Figure 5: Output from a GC-MS analysis of polymeric tubing. (Total siloxanes = 0.001 µg/gr/min, and total emissions = 0.1 µg/gr/min.)

Developing a Suitable AMC Air-Filtration System

In response to the AMC challenge faced by the semiconductor fabrication industry, Extraction had already developed an OEM-approved filtration system to protect DUV lithography optics and resist processes. The objective now was to transfer those AMC metrology and filtration technologies to the maskmaking industry, facilitating the development and construction of an effective air-filtration system for the Sigma7000-series laser mask writers.

Air-Filtration System Design. As more experience was gained on early ArF tools, concerns increased about even low levels of specific volatile compounds found in cleanroom air, leading to more-stringent filter requirements. Filters had to be capable of removing not only NH₃, amines, and NMP, which contaminated highly sensitive early photoresists, but also molecular acids and condensable organic compounds.

Protecting lenses from a range of contaminants requires filtration strategies that balance efficiency and longevity against real-world flow and pressure-drop requirements. Extraction's filters use a pleated nonwoven fabric to suspend high-surface-area media, ensuring that contaminants are removed while purified air passes through freely. This design has a two-layer structure to optimize media combinations. The pleated structure maximizes filter area, resulting in higher removal efficiency and a lower pressure drop than older packed-bed designs.

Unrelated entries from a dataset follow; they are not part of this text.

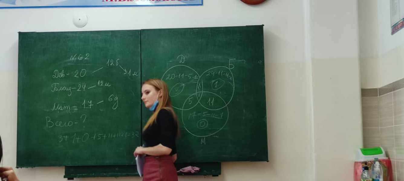 А учитель УВК ШГ №70 Эсенбаева Гульнара Асановна – победитель городского конкурса «Сердце отдаю детям-2019» провела мастер-класс, где научила методике решения задач по математике в 5 классах (по учебнику авт. С. К. Кыдыралиев, А. Б. Урдалетова, Г. М. Дайырбекова) «Число элементов множества, определённого по двум признакам».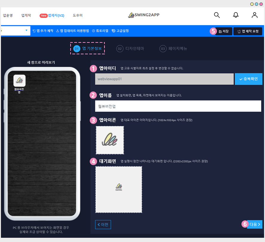 스윙 홈페이지 로그인 후 [앱제작 페이지] 1단계 앱 기본정보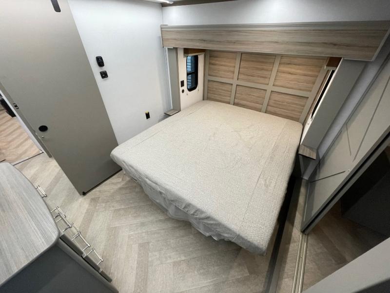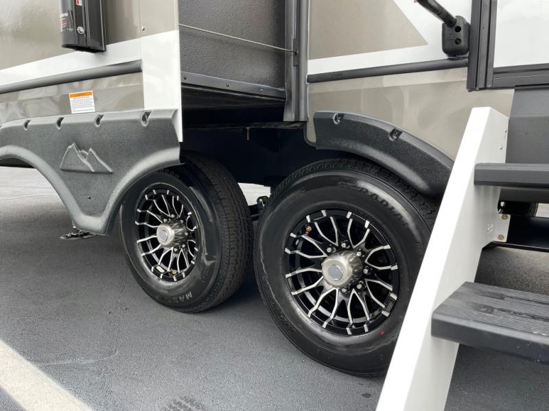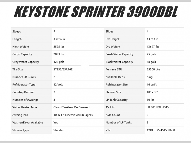 The Sprinter fifth wheels by Keystone feature spacious living areas, plenty of storage, and outstanding towability. Each unit is constructed with 2" aluminum framed and laminated sidewalls, a fully walkable roof, and dual layer insulation to help extend your camping season. The heated pass-through storage includes lockable slam latch baggage doors so you can easily pack your gear, and the one-touch 4-point leveling system features return hookup memory to have you set up in no-time. Head inside to find Congoleum vinyl flooring, Thomas Payne luxury collection furniture, residential style seamless marbled countertops, and an upgraded bedspread to name a few comforts. The Sprinter also includes a Girard tankless on-demand water heater, a central command center, plus a 30k BTU furnace and two A/C units to ensure your comfort!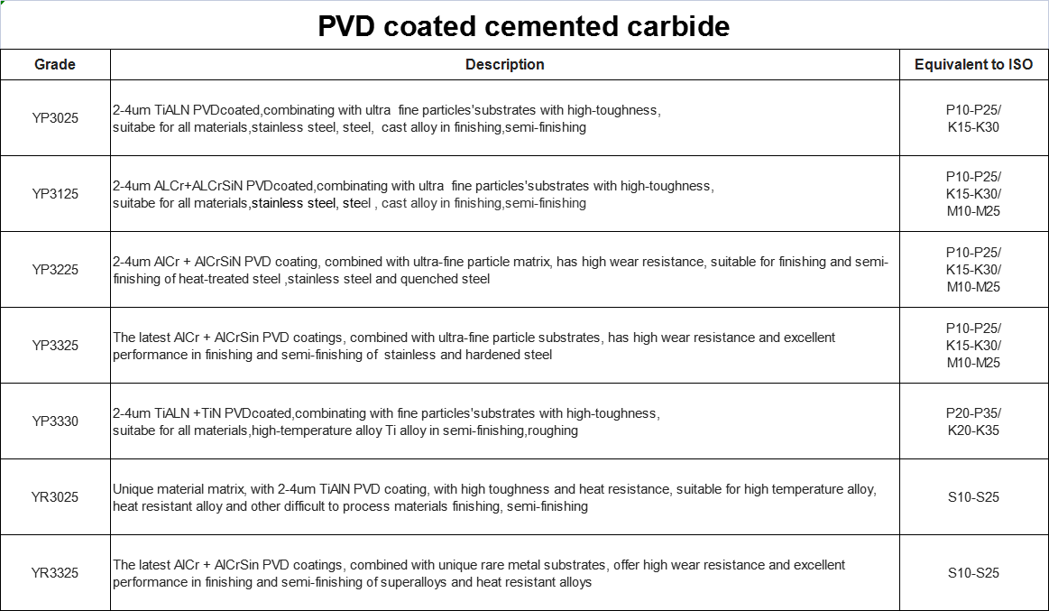 | YP3125 | 2-4um ALCr+ALCrSiN PVD涂層,結(jié)合超細(xì)顆粒高韌性基體,適合所有材料,不銹鋼、鋼、鑄造合金精加工、半精加工 | P10-P25 K15-K30 M10-M25 |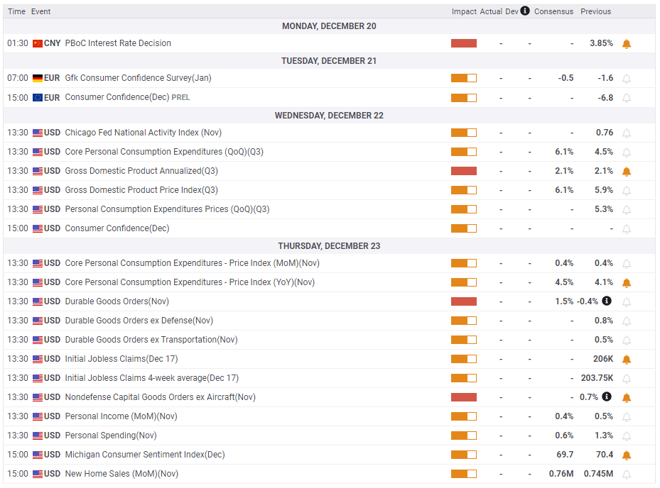 On Thursday, the Personal Consumption Expenditures (PCE) Price Index, the Fed's preferred gauge of inflation, will be looked upon for fresh impetus. On a yearly basis, the Core PCE Price Index, which excludes volatile food and energy prices, is expected to rise to 4.5% from 4.1% in November. Ahead of the Christmas break, market participants could ignore this inflation report since they already know what the Fed's plan to control price pressures look like.

The hybrid filter installed in the Micronic laser pattern generators uses highly activated carbon to remove condensable organic species by means of adsorption (sometimes referred to as chemisorption), a powerful filtration process for nonpolar species such as hydrocarbons. To remove acids and bases, the filter is chemically treated to react with the target species and combine with it to form a nonvolatile compound that is locked into the porous media structure.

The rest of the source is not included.